Provided entries:
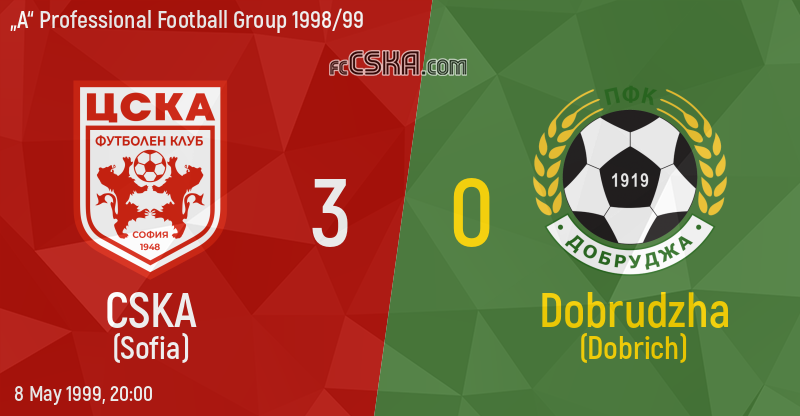 CSKA won against Dobrudzha (Dobrich) with result 3:0 in match from 27th round of „А“ Professional Football Group 1998/99 played on 8 May 1999 at 20:00 on „Bulgarska armia“ stadium, in Sofia. goalscorers for the army men were Stilian Petrov (57′), Dimitar Berbatov (59′) and Rumen Hristov (71′).
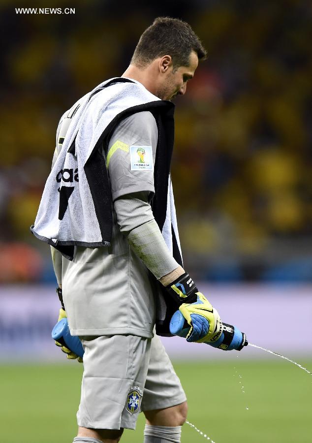 Brazil's goalkeeper Julio Cesar (L) leaves the field at the end of the first half during a semifinal match between Brazil and Germany of 2014 FIFA World Cup at the Estadio Mineirao Stadium in Belo Horizonte, Brazil, on July 8, 2014.(Xinhua/Qi Heng)
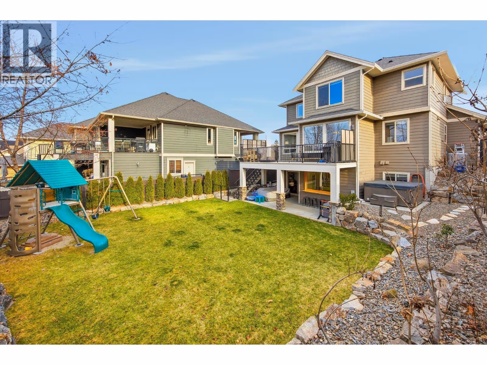 Modern 5-bed + den Kettle Valley family home! 4 bedrooms on the top floor, a den on the main, extra bedroom downstairs, and a layout that flows effortlessly indoors and out, this is a home families can grow into and love for years. The main floor is open yet defined, creating natural zones for cooking, dining, and relaxing. The kitchen is bright and beautifully finished, with stainless steel appliances, pantry for extra storage, and an eat-at peninsula with plenty of prep space. Step out to the deck, ideal for outdoor dining, with stairs leading down for backyard access. A powder room and den - great as an office, playroom, or extra bedroom - round out this level. Upstairs, the primary suite is spacious, with a walk-in closet and updated ensuite with dual vanity. 3 additional bedrooms and a full bath on the same floor, a great layout for families. Downstairs is a glassed-in gym, and rec room with a wet bar featuring a pass-through window to the backyard - perfect for hosting. With a separate entrance, bedroom, and full bath, the lower level can easily convert to a suite while still keeping the gym part of the main home. Outside is a fully fenced, flat backyard, a patio with hot tub, dog run, and plenty of room for a pool. Add in a 2 car garage, parking for 3 more vehicles, and a location in one of Kelowna’s most prestigious neighbourhoods, just steps to trails and community amenities—coffee & ice cream shops, daycare, pub, a market and more. Kettle Valley living at it's best! (id:62999)
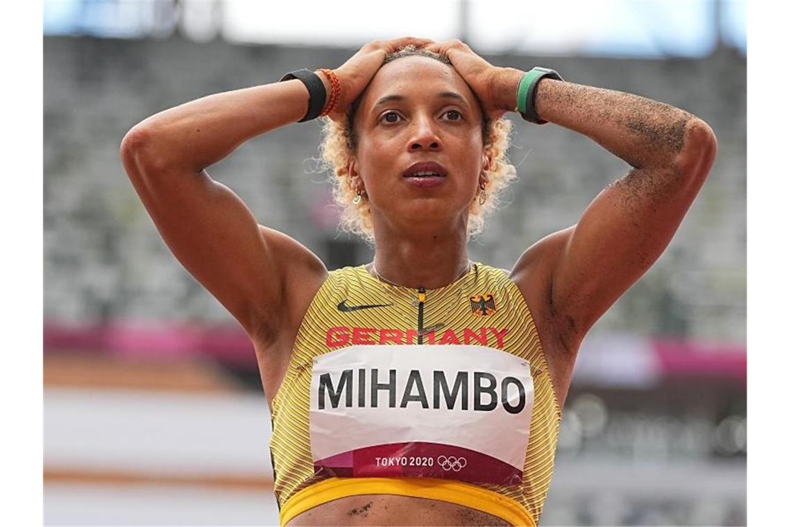 Malaika Mihambo, Weitspringerin aus Deutschland, hält sich den Kopf. Foto: Michael Kappeler/dpa/Archivbild
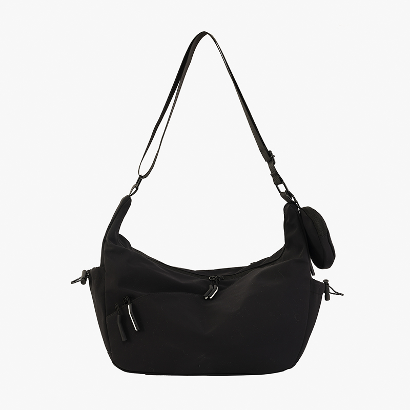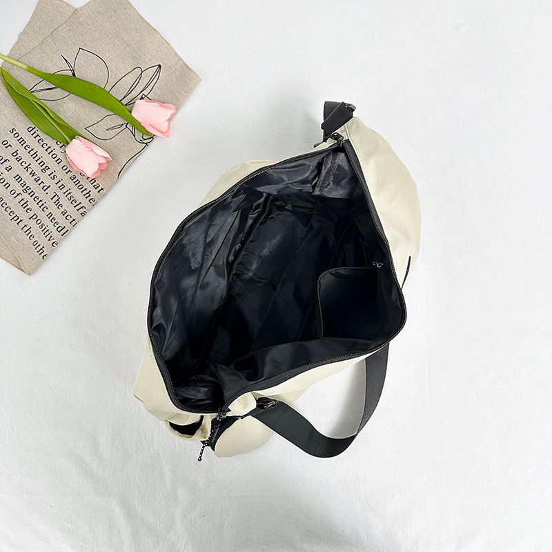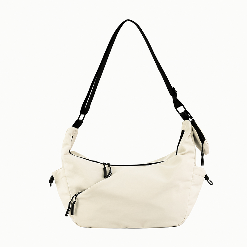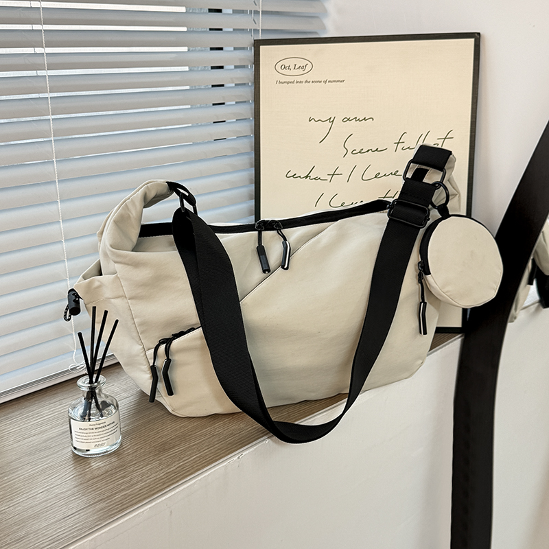 多口袋休闲潮流米白色大容量斜挎包2025新款时尚百搭简约布包女
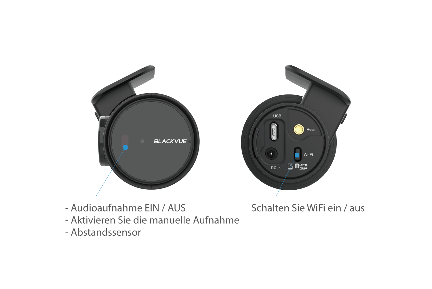 Wi-Fi: Bietet die Möglichkeit, Ihre BlackVue-Dashcam mit Ihrem Smartphone und / oder Tablet zu verbinden (maximal 10 m).
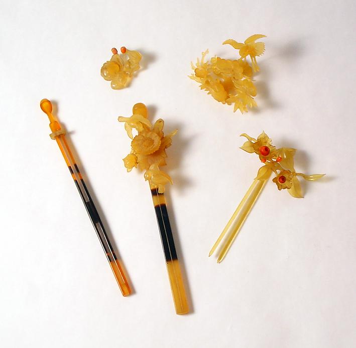 - Set med 5 stycken olika hårprydnader, vissa dekorerade med korall. Materialet obestämbart, möjligen sköldpadd, hornmaterial eller plast. Tillsammans med föremålen förvaras en lapp med påskriften “Div. okat. föremål fr. Flottans förråd, hårnålar etc.”

Task statement: Please return, without any change, the lines from the line containing "多口袋休闲潮流米白色大容量斜挎包2025新款时尚百搭简约布包女" through the last line of the entries, dropping the pictures.

Your solution:
 多口袋休闲潮流米白色大容量斜挎包2025新款时尚百搭简约布包女
 Wi-Fi: Bietet die Möglichkeit, Ihre BlackVue-Dashcam mit Ihrem Smartphone und / oder Tablet zu verbinden (maximal 10 m).
 - Set med 5 stycken olika hårprydnader, vissa dekorerade med korall. Materialet obestämbart, möjligen sköldpadd, hornmaterial eller plast. Tillsammans med föremålen förvaras en lapp med påskriften “Div. okat. föremål fr. Flottans förråd, hårnålar etc.”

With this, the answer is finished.